Aza Raskin on Mozilla and User Interfaces

Aza Raskin from Mozilla, spoke largely about usability and user interface design. Judging from his Wikipedia entry, he’s been doing this for a long time and is very passionate about interfaces. It was very hard to see his slides (noted problem, too much sunlight), so I just attempted to make random bits of notes from his talk. His slides, may or may not be available, but he did mention that searching for a talk titled “Don’t Make Me Click”, was the basis for his LugRadio Live USA talk. Turns out, it was a Google Tech Talk, available on Youtube – Don’t Make Me Click (~65 minutes). Now for the sparse notes…

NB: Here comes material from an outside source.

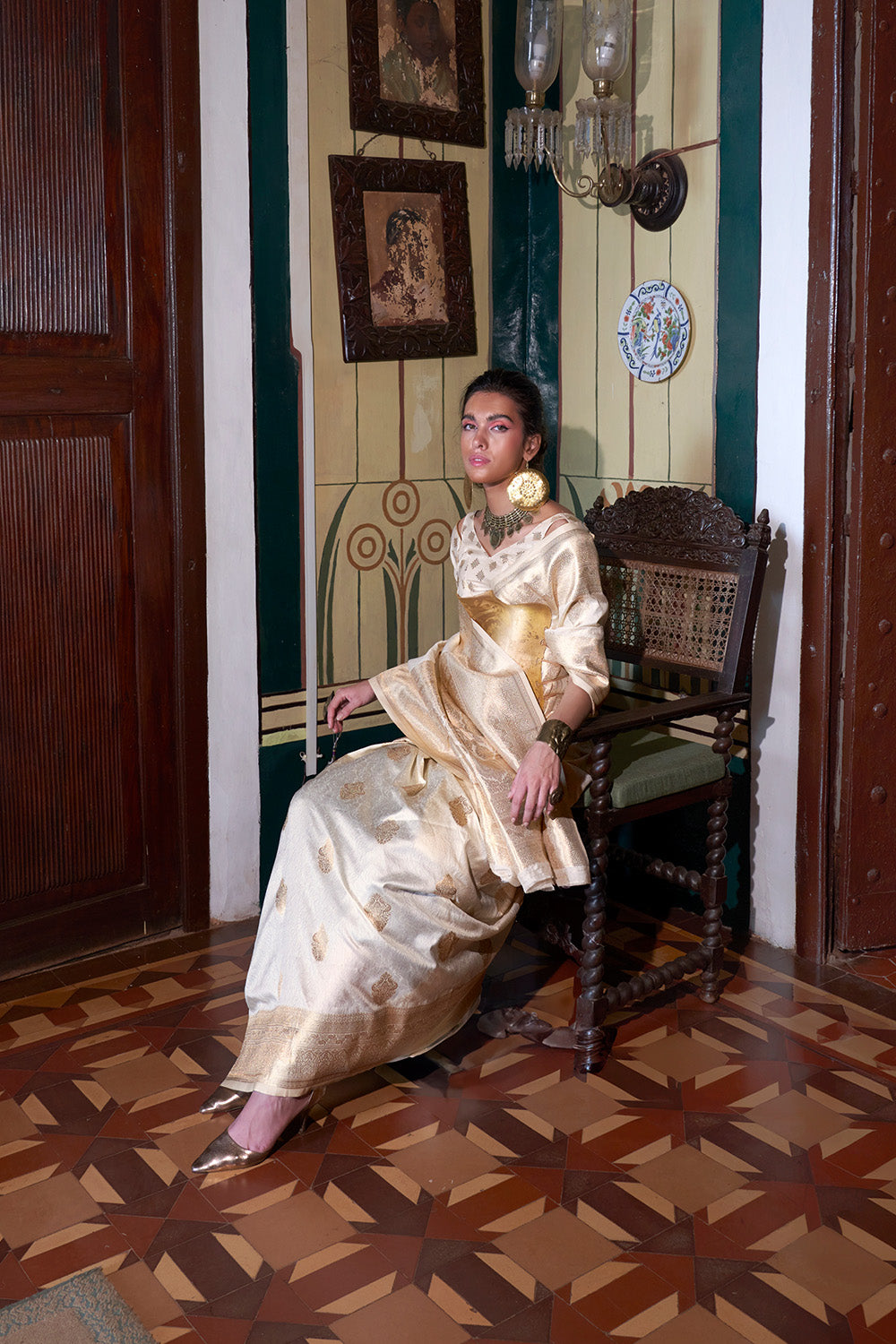 This Beige Two Tone Saree paired with a brocade blouse offers a sophisticated blend of subtle hues and rich texture. The saree’s soft fabric ensures a graceful drape while the contrasting tones add depth and elegance. Complemented by an intricately woven brocade blouse, this ensemble is perfect for formal events and special occasions. Its refined craftsmanship and balanced design create a timeless look that combines comfort with understated luxury.

You already use a command line interface. Typed pine before? Or slrn? Now you just type gmail.com or nytimes.com. This is an interesting analogy… the command line and the location bar.

Intuitiveness vs. ease of use? There’s a difference. The iPhone interface isn’t exactly intuitive, but with all the advertising available around, when you got one, you knew what to do, and you got ease of use.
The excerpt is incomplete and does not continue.